Today’s post is courtesy of Survival Skills author Jean Ryan, whose blog you can find on her website. Enjoy!
Time Enough
How we view time can be a source of comfort or pain. Many people, particularly Eastern cultures, adhere to the belief that we live any number of lives: time is seen as cyclical and forgiving. Westerners tend to see time as linear, something we use up, something we never have enough of.
Whatever our beliefs, we all know that the lives we are living now will one day end. This knowledge is the ultimate spoiler, the price we pay for having a neocortex. Other animals are not saddled with this awareness—at least I assume, I hope, they are not. In 1777 the British explorer Captain Cook gave a newly hatched tortoise to a royal family in Polynesia, who kept the creature as a pet until it died of natural causes 188 years later. That turtle pulled its heavy self across the ground, presumably the same well-worn ground, for 68,620 days. Was it weary by then? Bored? Might it have opted for a life half as long?
On the other end of the spectrum is the mayfly, a creature whose adult life amounts to less than a day; in some species, just a few minutes. The larval versions, naiads, can live up to a year, during which they hide in aquatic debris and progress through several stages—instars—before growing a pair of wings and becoming immature adults. The winged juveniles last no longer than the final version and are not sexually viable until a few hours later, when they emerge from their last molt with features unique in the insect world, paired genitals: two penises for the males and two gonopores for the females.
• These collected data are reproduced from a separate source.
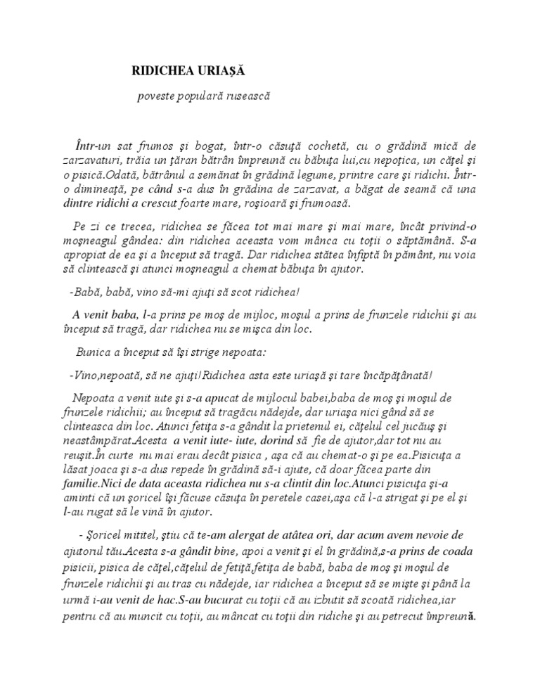Povestea Ridichea Uriasa Text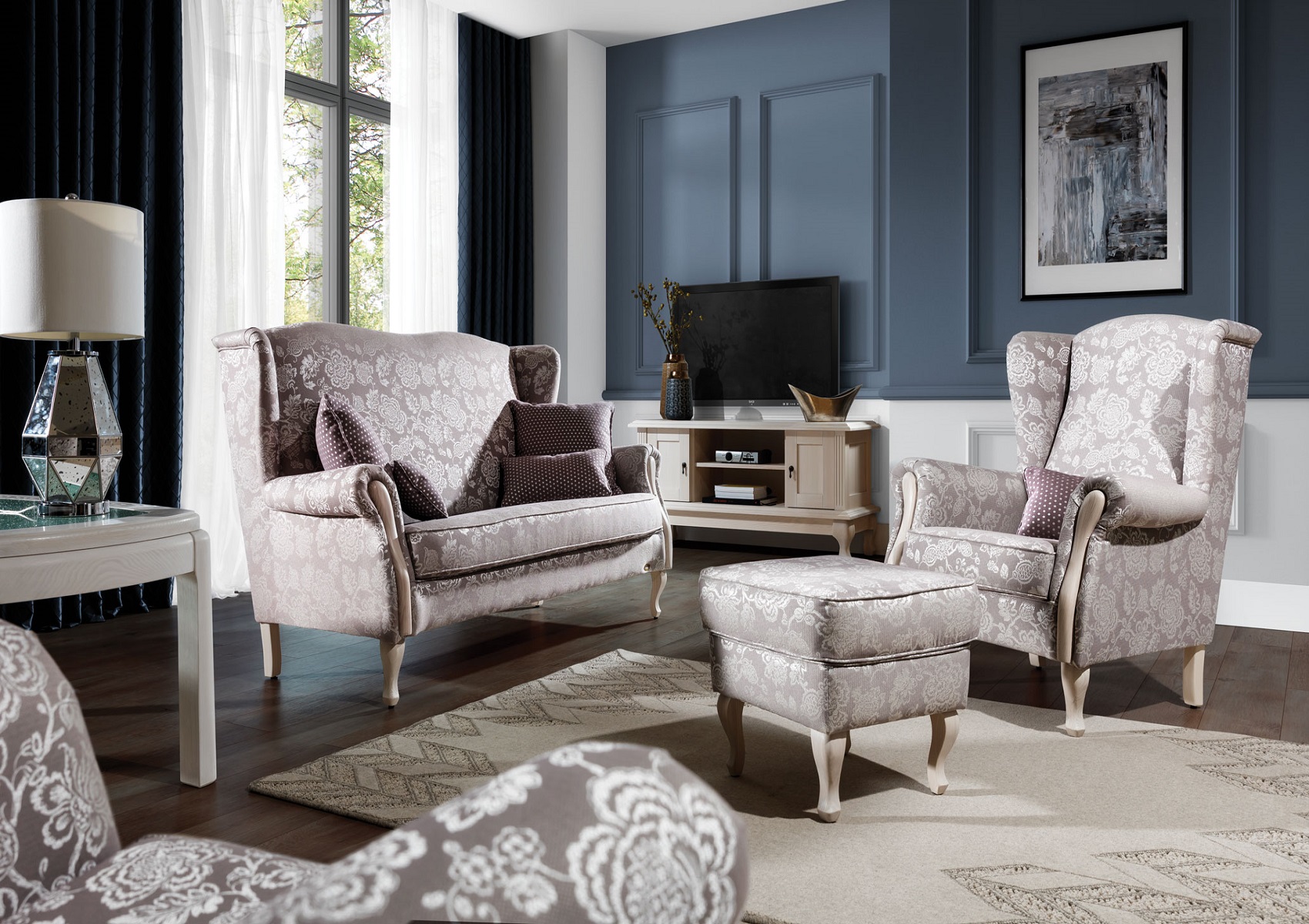 Sedací souprava Noble vás zaujme svým luxusním designem v zámeckém stylu. Součástí sestavy jsou 2 křesla a pohovka. Nábytek je vyroben z masivního jasanového dřeva, které je velmi odolné a vzhledem k jeho tvrdosti vám zaručí kvalitu a stabilitu.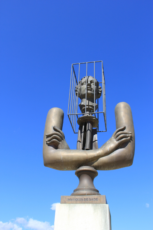 Вступаем на территорию Маркиза. Скульптуры сразу подсказывают нам - место это не простое. Очень-очень непростое. Говорят, что этот замок Маркиз де Сад однажды поджег и уехал в соседнюю деревушку, чтобы полюбоваться, насколько красиво он будет гореть. Ну для человека, чьим именем назван садизм, это практически неудивительно.

They do not feed: their mouths are useless and their digestive tracts are filled with air. This day, their first and last on earth, all they do is mate—little wonder our creator doubled up on their genitalia.
Like locusts, mayflies “hatch” in stupendous numbers, trillions at a time. The males begin swarming over a river, and the females fly into this mass. With specialized legs, the male grabs a female, and copulation takes place in mid-air, after which the female falls to the water’s surface and lays her eggs before dying. The spent females cover the water, providing a feast for the fish below. The males fly off to die on land, a boon to local birds.
Even the waiting wildlife cannot keep pace with these mayfly windfalls, and in some municipalities snow plows are deployed to clear away the mountains of corpses. While Americans consider mayflies a nuisance, tribes in Africa make nutritious patties out of them.
It would seem that a mayfly’s fleeting life amounts to nothing more than sustenance for larger creatures. Mayflies, all 2,500 species of them, are designed as sacrifices, put here for the greater good. Twenty-four hours is all the time they are given and all the time they need.
The ancient Greeks had a saying:
There is not a short life or a long life.
There is only the life that you have, and the life you have
is the life you are given, the life you work with.
It has its own shape, describes its own arc, and is perfect.
A whole life in one day. It must be glorious.